Knee injuries are the most common injury in NFL players, and MCL sprains are the most common knee injuries. Looking at the NFL database from 2012 to 2019, there were a total of 1076 MCL tears, or an average of 134.5 per season. This includes preseason:
There are several ligaments that hold the knee joint together. The MCL runs vertically along the medial side of the knee joint, securing the femur (thigh bone) to the tibia (shin bone), the larger of the two bones between the knee and ankle:
The MCL provides stability to the middle side of the knee, particularly when the knee is flexed. A sprain is a stretch and/or tear of a ligament, and it is classified by severity. The MCL consists of superficial and deep ligaments. The superficial MCL is the primary restraint to valgus laxity at the knee. The superficial MCL has 1 attachment to the femur (thigh bone) and 2 attachments to the tibia (shin bone). The deep MCL is a thickening of the medial joint capsule and runs deep and parallel to the superficial MCL.
Here is the breakdown, courtesy of the American Academy of Orthopaedic Surgeons:
Grade 1 sprain (mild): Slight stretching and some damage to the fibers of the ligament.
Grade 2 sprain (moderate): Partial tearing of the ligament. There is abnormal looseness (laxity) in the joint when it is moved in certain ways.
Grade 3 sprain (severe): Complete tear of the ligament. This causes significant instability and makes the joint non-functional.
The other way to measure MCL grade is by the amount of medial joint gapping when a lateral force is applied during physical examination:
Grade 1: Less than 5 mm opening
Grade 2: 5-10 mm opening
Grade 3: Greater than 10 mm opening
Initially, pain, bruising and swelling are common.
WHAT IS THE TREATMENT?
It always starts with the basic RICE treatment: rest, ice, compression (with a brace), and elevation. Pain can be treated with anti-inflammatory medication like ibuprofen and sometimes narcotics like Vicodin.
Assuming that this is not a Grade 3 sprain, Spillane won’t need crutches and can be weight bearing. Based on how stable his knee looked when he walked to the sideline, I would guess it isn’t that severe.
WHAT IS THE RECOVERY TIME FOR NFL LINEBACKERS WITH MCL TEARS?
Virtually all MCL tears heal without surgery unless there is an associated meniscal tear or another ligament is also injured. Return to play depends primarily on the severity of the tear but the position played is a factor as well. QBs and linemen can sometimes return faster than RBs, WRs, DBs and LBs, who do more cutting.
Looking at a few linebackers who have sustained MCL injuries recently shows some variability in the number of games missed:
- Eagles LB Kamu Grugier-Hill suffered a Grade 3 MCL tear in training camp in 2019 and missed 8 weeks.

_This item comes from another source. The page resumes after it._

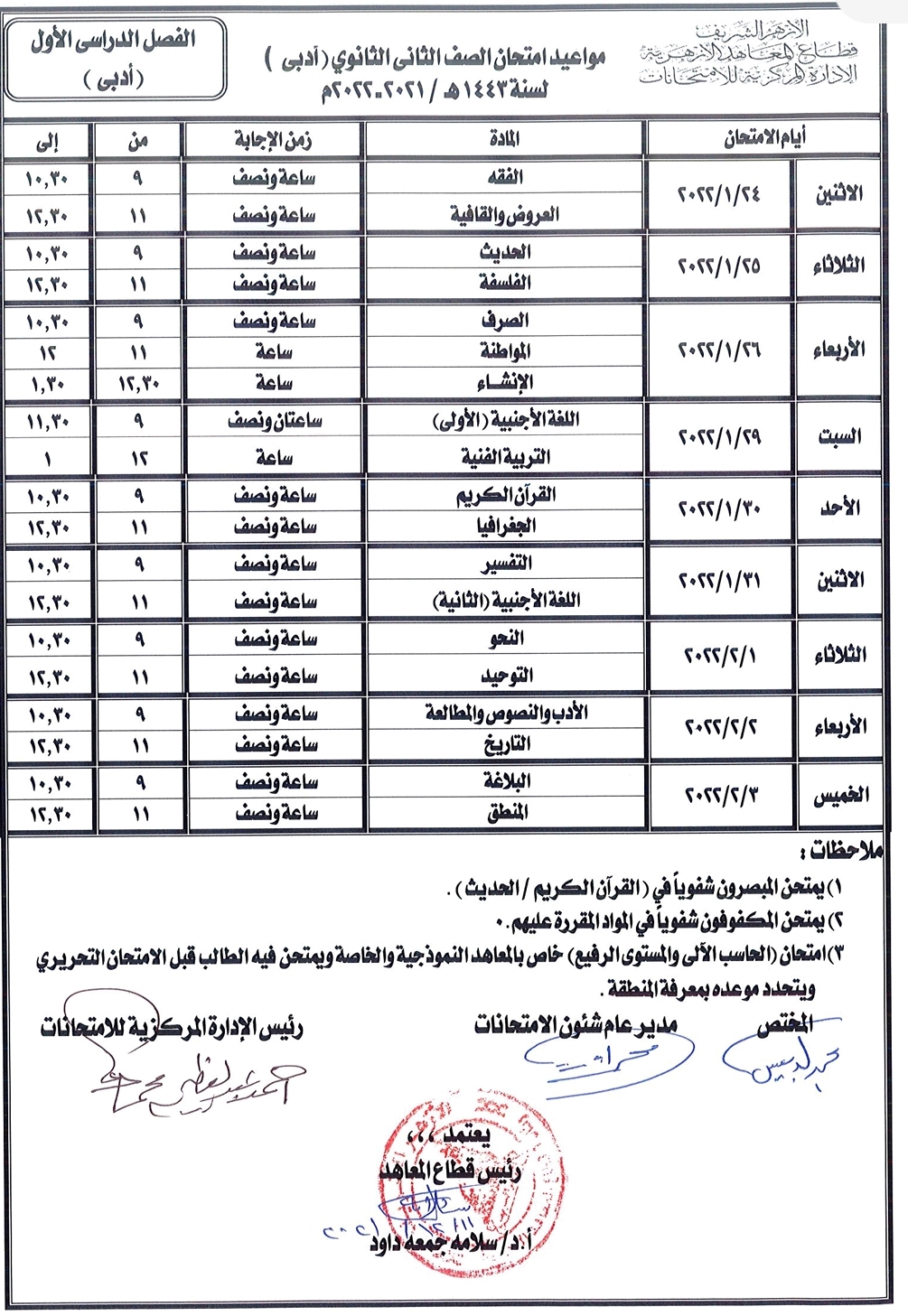 وحدد قطاع المعاهد الأزهرية موعد بدء امتحانات الصف الأول الثانوي الأزهري علمي وأدبي، وامتحانات الصف الثاني الثانوي علمي وأدبي، يوم الإثنين الموافق 24 / 1 / 2022 وتنتهي يوم الخميس الموافق 3 / 2 / 2022.

- Buccaneers LB Devin White had a Grade 1 MCL tear during Week 2 last year and didn’t miss a game.
- Cowboys veteran backup LB Sean Lee (who has had 3 ACL tears and surgery each time), had a Grade 2 MCL during training camp last year and missed 4 weeks but was ready for the season opener.
- Broncos Pro Bowl LB Von Miller also had a Grade 2 MCL tear last year, missing 1 game and breaking his 95 game streak going back to 2013.
- Seahawks 1st round draft pick rookie LB Jordyn Brooks sustained a Grade 1 MCL in September and missed 3 games before returning.
- And as Steelers fan may recall, star LB Ryan Shazier suffered MCL injuries in his rookie season (2014) and again in 2016. Both were considered Grade 2 tears. In 2014, he missed 4 weeks. In 2016, he returned after 3 weeks, which turned out to be too soon. He missed another game the following week and then returned after the bye week.
So there’s obviously a wide range in return to play after an MCL injury. The most interesting part of what Jeremy Fowler reported is that Spillane should be able to return this season. With only four regular season games left to play, that would imply that Spillane will avoid IR and could return as soon as 2 or 3 weeks from now. That would suggest that if Spillane does have an MCL tear, it is likely a Grade 1 or 2 injury. Which means that he would be running and cutting at full speed in time for the playoffs. This would be key for the Steelers, who are chasing a 7th Lombardi trophy.